● TRY IT
Please reproduce each line of the data below exactly as shown.

(Stored records)
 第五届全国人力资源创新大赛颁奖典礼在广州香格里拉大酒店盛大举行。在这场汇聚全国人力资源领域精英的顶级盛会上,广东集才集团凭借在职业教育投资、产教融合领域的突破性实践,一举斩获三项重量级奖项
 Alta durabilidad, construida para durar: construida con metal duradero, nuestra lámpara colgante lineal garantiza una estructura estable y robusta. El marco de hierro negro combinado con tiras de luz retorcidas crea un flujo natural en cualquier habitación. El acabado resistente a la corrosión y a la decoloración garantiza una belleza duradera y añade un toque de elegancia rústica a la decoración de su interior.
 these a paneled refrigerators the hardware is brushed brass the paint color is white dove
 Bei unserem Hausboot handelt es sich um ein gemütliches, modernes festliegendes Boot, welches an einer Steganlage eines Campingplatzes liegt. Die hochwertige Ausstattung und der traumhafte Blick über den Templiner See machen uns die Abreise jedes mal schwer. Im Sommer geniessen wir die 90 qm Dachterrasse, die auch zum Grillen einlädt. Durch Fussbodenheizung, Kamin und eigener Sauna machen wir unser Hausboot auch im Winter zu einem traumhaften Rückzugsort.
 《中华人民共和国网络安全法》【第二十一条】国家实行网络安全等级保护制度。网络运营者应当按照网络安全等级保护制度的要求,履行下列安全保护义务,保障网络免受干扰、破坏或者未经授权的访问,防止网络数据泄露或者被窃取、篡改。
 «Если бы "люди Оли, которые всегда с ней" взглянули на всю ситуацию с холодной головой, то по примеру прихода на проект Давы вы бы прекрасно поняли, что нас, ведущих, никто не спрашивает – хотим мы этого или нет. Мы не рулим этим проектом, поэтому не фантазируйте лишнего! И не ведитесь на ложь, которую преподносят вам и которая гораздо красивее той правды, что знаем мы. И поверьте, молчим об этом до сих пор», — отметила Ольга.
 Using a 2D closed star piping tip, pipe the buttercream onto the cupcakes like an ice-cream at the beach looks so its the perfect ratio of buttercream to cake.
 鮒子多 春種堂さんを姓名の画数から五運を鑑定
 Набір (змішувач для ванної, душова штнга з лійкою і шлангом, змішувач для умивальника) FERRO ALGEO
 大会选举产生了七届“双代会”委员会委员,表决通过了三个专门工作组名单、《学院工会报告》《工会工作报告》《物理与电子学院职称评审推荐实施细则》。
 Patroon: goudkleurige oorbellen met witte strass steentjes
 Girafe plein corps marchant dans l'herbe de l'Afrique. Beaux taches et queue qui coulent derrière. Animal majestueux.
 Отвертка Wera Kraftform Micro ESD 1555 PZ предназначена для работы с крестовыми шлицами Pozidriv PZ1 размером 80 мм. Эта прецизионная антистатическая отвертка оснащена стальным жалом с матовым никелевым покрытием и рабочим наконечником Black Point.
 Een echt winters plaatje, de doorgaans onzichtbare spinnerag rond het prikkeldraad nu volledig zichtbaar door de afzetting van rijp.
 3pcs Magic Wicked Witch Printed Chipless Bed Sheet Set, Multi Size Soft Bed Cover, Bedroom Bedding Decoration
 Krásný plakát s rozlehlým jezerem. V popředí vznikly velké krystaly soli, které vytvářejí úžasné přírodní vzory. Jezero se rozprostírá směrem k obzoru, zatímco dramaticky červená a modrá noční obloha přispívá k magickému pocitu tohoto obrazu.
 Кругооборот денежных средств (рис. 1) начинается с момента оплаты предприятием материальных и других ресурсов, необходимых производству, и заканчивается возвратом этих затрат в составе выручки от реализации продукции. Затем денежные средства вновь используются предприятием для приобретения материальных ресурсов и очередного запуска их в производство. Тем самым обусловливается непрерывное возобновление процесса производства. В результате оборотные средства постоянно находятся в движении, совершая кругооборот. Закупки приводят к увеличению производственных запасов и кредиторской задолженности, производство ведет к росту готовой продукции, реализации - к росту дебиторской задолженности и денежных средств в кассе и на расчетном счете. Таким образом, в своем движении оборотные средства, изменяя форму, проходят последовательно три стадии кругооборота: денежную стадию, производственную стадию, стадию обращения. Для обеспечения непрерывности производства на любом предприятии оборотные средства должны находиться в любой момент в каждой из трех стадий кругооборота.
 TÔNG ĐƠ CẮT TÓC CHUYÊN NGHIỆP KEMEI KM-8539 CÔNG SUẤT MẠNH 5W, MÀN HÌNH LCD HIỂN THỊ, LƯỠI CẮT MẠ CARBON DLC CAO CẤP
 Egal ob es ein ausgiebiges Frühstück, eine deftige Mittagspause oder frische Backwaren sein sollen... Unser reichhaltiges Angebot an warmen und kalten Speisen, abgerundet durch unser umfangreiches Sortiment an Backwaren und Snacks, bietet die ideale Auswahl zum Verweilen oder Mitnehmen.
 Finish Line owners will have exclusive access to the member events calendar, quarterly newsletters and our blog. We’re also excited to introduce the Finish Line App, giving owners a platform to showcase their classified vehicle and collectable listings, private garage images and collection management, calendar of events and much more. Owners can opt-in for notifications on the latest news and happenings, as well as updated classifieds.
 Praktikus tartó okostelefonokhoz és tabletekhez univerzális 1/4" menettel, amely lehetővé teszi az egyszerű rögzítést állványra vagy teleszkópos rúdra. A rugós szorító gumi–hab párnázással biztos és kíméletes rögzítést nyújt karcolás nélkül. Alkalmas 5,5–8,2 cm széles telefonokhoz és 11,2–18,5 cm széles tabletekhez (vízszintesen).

● RESPONSE TO THE TASK
 第五届全国人力资源创新大赛颁奖典礼在广州香格里拉大酒店盛大举行。在这场汇聚全国人力资源领域精英的顶级盛会上,广东集才集团凭借在职业教育投资、产教融合领域的突破性实践,一举斩获三项重量级奖项
 Alta durabilidad, construida para durar: construida con metal duradero, nuestra lámpara colgante lineal garantiza una estructura estable y robusta. El marco de hierro negro combinado con tiras de luz retorcidas crea un flujo natural en cualquier habitación. El acabado resistente a la corrosión y a la decoloración garantiza una belleza duradera y añade un toque de elegancia rústica a la decoración de su interior.
 these a paneled refrigerators the hardware is brushed brass the paint color is white dove
 Bei unserem Hausboot handelt es sich um ein gemütliches, modernes festliegendes Boot, welches an einer Steganlage eines Campingplatzes liegt. Die hochwertige Ausstattung und der traumhafte Blick über den Templiner See machen uns die Abreise jedes mal schwer. Im Sommer geniessen wir die 90 qm Dachterrasse, die auch zum Grillen einlädt. Durch Fussbodenheizung, Kamin und eigener Sauna machen wir unser Hausboot auch im Winter zu einem traumhaften Rückzugsort.
 《中华人民共和国网络安全法》【第二十一条】国家实行网络安全等级保护制度。网络运营者应当按照网络安全等级保护制度的要求,履行下列安全保护义务,保障网络免受干扰、破坏或者未经授权的访问,防止网络数据泄露或者被窃取、篡改。
 «Если бы "люди Оли, которые всегда с ней" взглянули на всю ситуацию с холодной головой, то по примеру прихода на проект Давы вы бы прекрасно поняли, что нас, ведущих, никто не спрашивает – хотим мы этого или нет. Мы не рулим этим проектом, поэтому не фантазируйте лишнего! И не ведитесь на ложь, которую преподносят вам и которая гораздо красивее той правды, что знаем мы. И поверьте, молчим об этом до сих пор», — отметила Ольга.
 Using a 2D closed star piping tip, pipe the buttercream onto the cupcakes like an ice-cream at the beach looks so its the perfect ratio of buttercream to cake.
 鮒子多 春種堂さんを姓名の画数から五運を鑑定
 Набір (змішувач для ванної, душова штнга з лійкою і шлангом, змішувач для умивальника) FERRO ALGEO
 大会选举产生了七届“双代会”委员会委员,表决通过了三个专门工作组名单、《学院工会报告》《工会工作报告》《物理与电子学院职称评审推荐实施细则》。
 Patroon: goudkleurige oorbellen met witte strass steentjes
 Girafe plein corps marchant dans l'herbe de l'Afrique. Beaux taches et queue qui coulent derrière. Animal majestueux.
 Отвертка Wera Kraftform Micro ESD 1555 PZ предназначена для работы с крестовыми шлицами Pozidriv PZ1 размером 80 мм. Эта прецизионная антистатическая отвертка оснащена стальным жалом с матовым никелевым покрытием и рабочим наконечником Black Point.
 Een echt winters plaatje, de doorgaans onzichtbare spinnerag rond het prikkeldraad nu volledig zichtbaar door de afzetting van rijp.
 3pcs Magic Wicked Witch Printed Chipless Bed Sheet Set, Multi Size Soft Bed Cover, Bedroom Bedding Decoration
 Krásný plakát s rozlehlým jezerem. V popředí vznikly velké krystaly soli, které vytvářejí úžasné přírodní vzory. Jezero se rozprostírá směrem k obzoru, zatímco dramaticky červená a modrá noční obloha přispívá k magickému pocitu tohoto obrazu.
 Кругооборот денежных средств (рис. 1) начинается с момента оплаты предприятием материальных и других ресурсов, необходимых производству, и заканчивается возвратом этих затрат в составе выручки от реализации продукции. Затем денежные средства вновь используются предприятием для приобретения материальных ресурсов и очередного запуска их в производство. Тем самым обусловливается непрерывное возобновление процесса производства. В результате оборотные средства постоянно находятся в движении, совершая кругооборот. Закупки приводят к увеличению производственных запасов и кредиторской задолженности, производство ведет к росту готовой продукции, реализации - к росту дебиторской задолженности и денежных средств в кассе и на расчетном счете. Таким образом, в своем движении оборотные средства, изменяя форму, проходят последовательно три стадии кругооборота: денежную стадию, производственную стадию, стадию обращения. Для обеспечения непрерывности производства на любом предприятии оборотные средства должны находиться в любой момент в каждой из трех стадий кругооборота.
 TÔNG ĐƠ CẮT TÓC CHUYÊN NGHIỆP KEMEI KM-8539 CÔNG SUẤT MẠNH 5W, MÀN HÌNH LCD HIỂN THỊ, LƯỠI CẮT MẠ CARBON DLC CAO CẤP
 Egal ob es ein ausgiebiges Frühstück, eine deftige Mittagspause oder frische Backwaren sein sollen... Unser reichhaltiges Angebot an warmen und kalten Speisen, abgerundet durch unser umfangreiches Sortiment an Backwaren und Snacks, bietet die ideale Auswahl zum Verweilen oder Mitnehmen.
 Finish Line owners will have exclusive access to the member events calendar, quarterly newsletters and our blog. We’re also excited to introduce the Finish Line App, giving owners a platform to showcase their classified vehicle and collectable listings, private garage images and collection management, calendar of events and much more. Owners can opt-in for notifications on the latest news and happenings, as well as updated classifieds.
 Praktikus tartó okostelefonokhoz és tabletekhez univerzális 1/4" menettel, amely lehetővé teszi az egyszerű rögzítést állványra vagy teleszkópos rúdra. A rugós szorító gumi–hab párnázással biztos és kíméletes rögzítést nyújt karcolás nélkül. Alkalmas 5,5–8,2 cm széles telefonokhoz és 11,2–18,5 cm széles tabletekhez (vízszintesen).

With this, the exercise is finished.